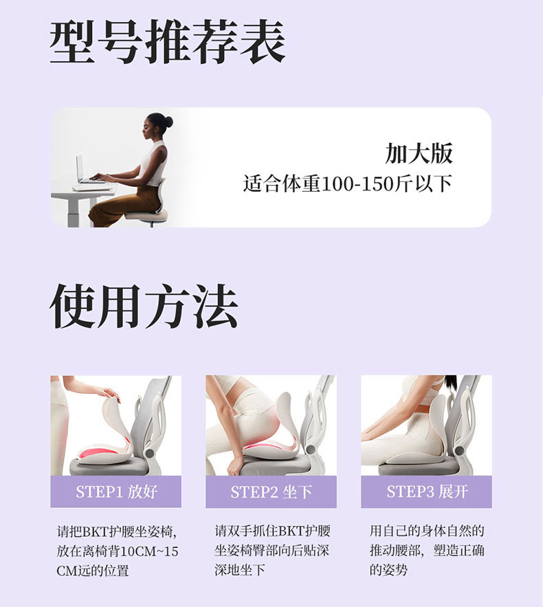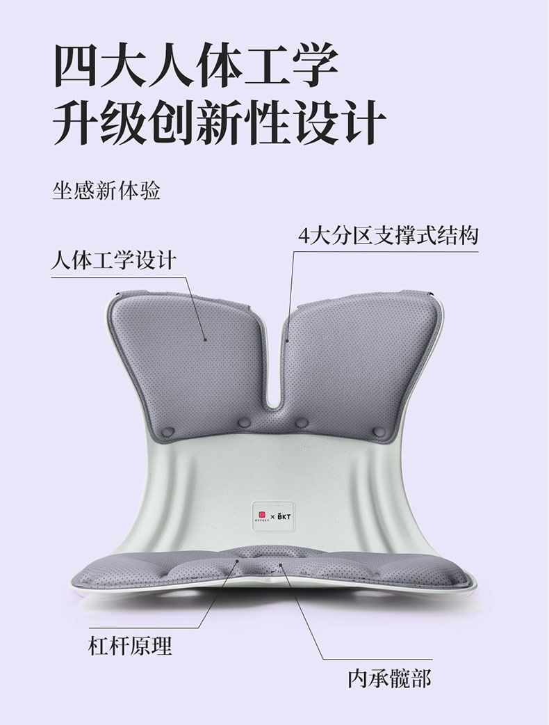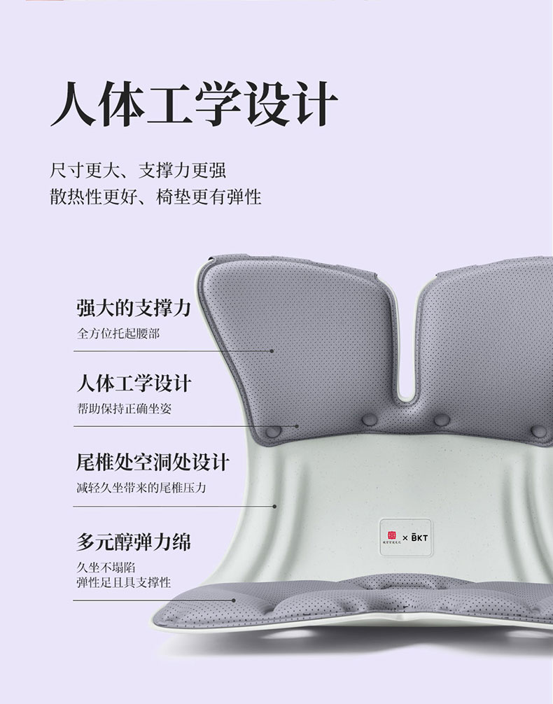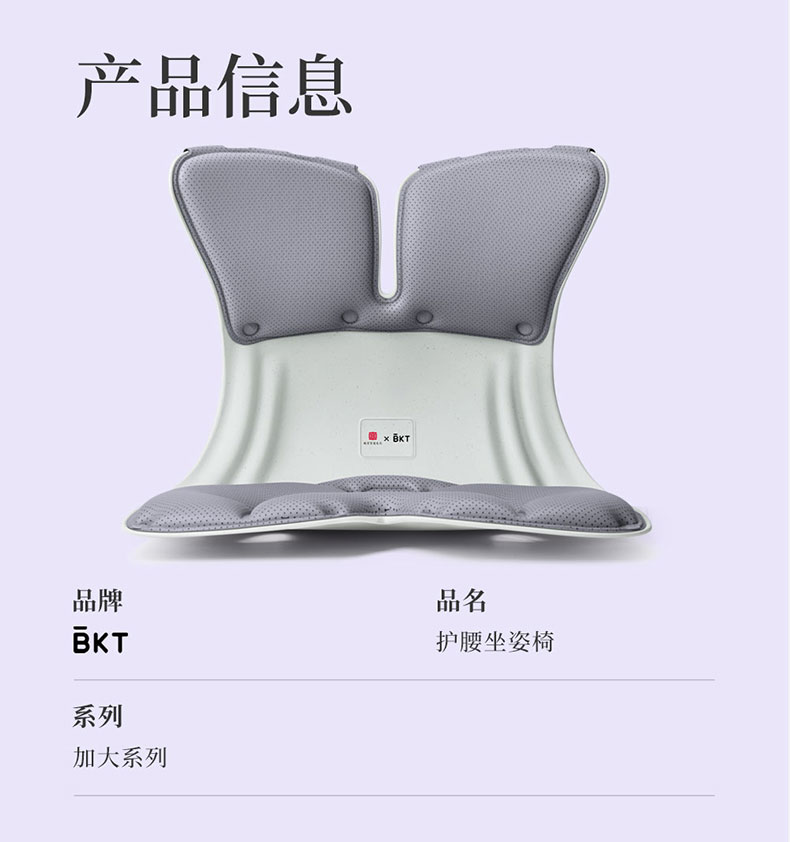 BKT 人体工学护腰坐姿椅 LP02 加大版 1.14kg 适合体重:150以下 气质灰(单位:个)
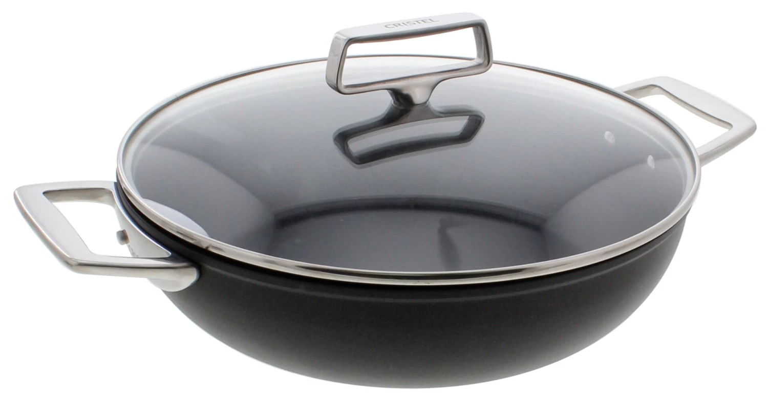 Het Franse topmerk Cristel ontwikkelde de lijn Castel’Pro voor gebruik in de professionele keuken zowel als thuis. Deze pannen zijn opgebouwd uit vijf verschillende lagen. Aan de buitenzijde zit een laag 18/0 edelstaal, gevolgd door een laag aluminium, een laag versterkt aluminium, een laag aluminium en aan de binnenzijde een laag 18/10 edelstaal. De pan heeft een dichtgelegde gietrand, waardoor de pan vaatwasmachinebestendig is. De gegoten roestvrijstalen grepen en stelen zitten met roestvrijstalen nagels aan de pan vast en geleiden weinig warmte. Door het gebruik van 18/0 staal zijn Castel’Pro pannen zowel geschikt voor alle warmtebronnen en om in de oven te gebruiken.
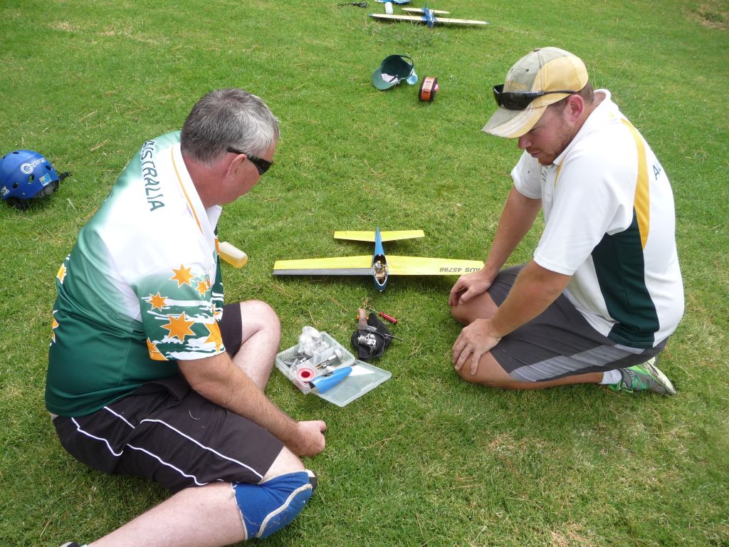 Thursday the 26th was Australia Day and by lunchtime most of our interstate visitors had arrived and had been practising with their models. The first event of the afternoon was F2C team race. It is interesting to note that none of the four teams entered had both team members from the same state of Australia and the teams were grateful to have the opportunity to get some serious racing up against top class opposition. Some very respectable race times were recorded by all entrants. Leknys/Reichardt almost failed to post a time after three failed pit stops in a row but managed a clean run at their last attempt.
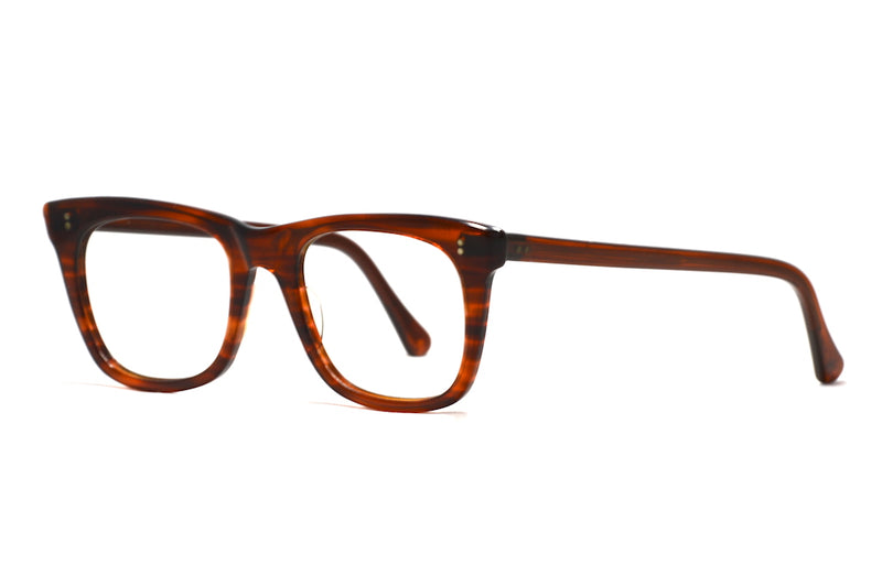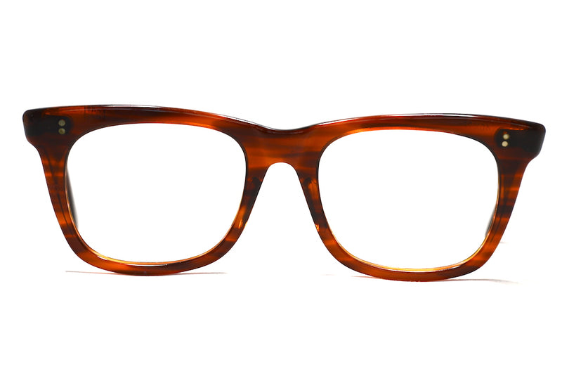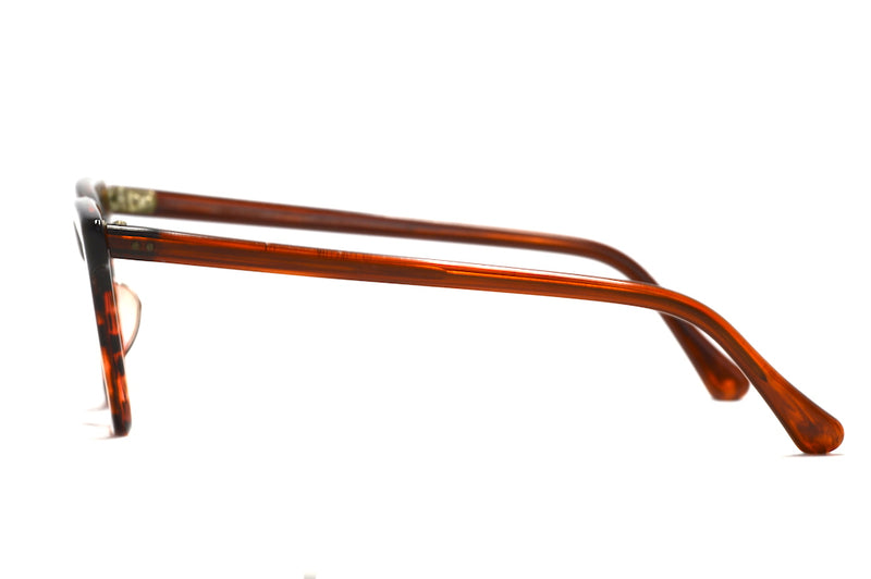 Manufactured in England by Merx we bring you this original Major frame. Stamped with the MXNH for Merx National Health, this frame is classic style and one of our best sellers. Both the front and temple sides feature silver pin head rivets, which support the joints. This unisex frame is in excellent condition with little sign of wear.

# Task requirements
An unchanged copy of the data, images excluded, is all that should be given.

# Task result
 BKT 人体工学护腰坐姿椅 LP02 加大版 1.14kg 适合体重:150以下 气质灰(单位:个)
 Het Franse topmerk Cristel ontwikkelde de lijn Castel’Pro voor gebruik in de professionele keuken zowel als thuis. Deze pannen zijn opgebouwd uit vijf verschillende lagen. Aan de buitenzijde zit een laag 18/0 edelstaal, gevolgd door een laag aluminium, een laag versterkt aluminium, een laag aluminium en aan de binnenzijde een laag 18/10 edelstaal. De pan heeft een dichtgelegde gietrand, waardoor de pan vaatwasmachinebestendig is. De gegoten roestvrijstalen grepen en stelen zitten met roestvrijstalen nagels aan de pan vast en geleiden weinig warmte. Door het gebruik van 18/0 staal zijn Castel’Pro pannen zowel geschikt voor alle warmtebronnen en om in de oven te gebruiken.
 Thursday the 26th was Australia Day and by lunchtime most of our interstate visitors had arrived and had been practising with their models. The first event of the afternoon was F2C team race. It is interesting to note that none of the four teams entered had both team members from the same state of Australia and the teams were grateful to have the opportunity to get some serious racing up against top class opposition. Some very respectable race times were recorded by all entrants. Leknys/Reichardt almost failed to post a time after three failed pit stops in a row but managed a clean run at their last attempt.
 Manufactured in England by Merx we bring you this original Major frame. Stamped with the MXNH for Merx National Health, this frame is classic style and one of our best sellers. Both the front and temple sides feature silver pin head rivets, which support the joints. This unisex frame is in excellent condition with little sign of wear.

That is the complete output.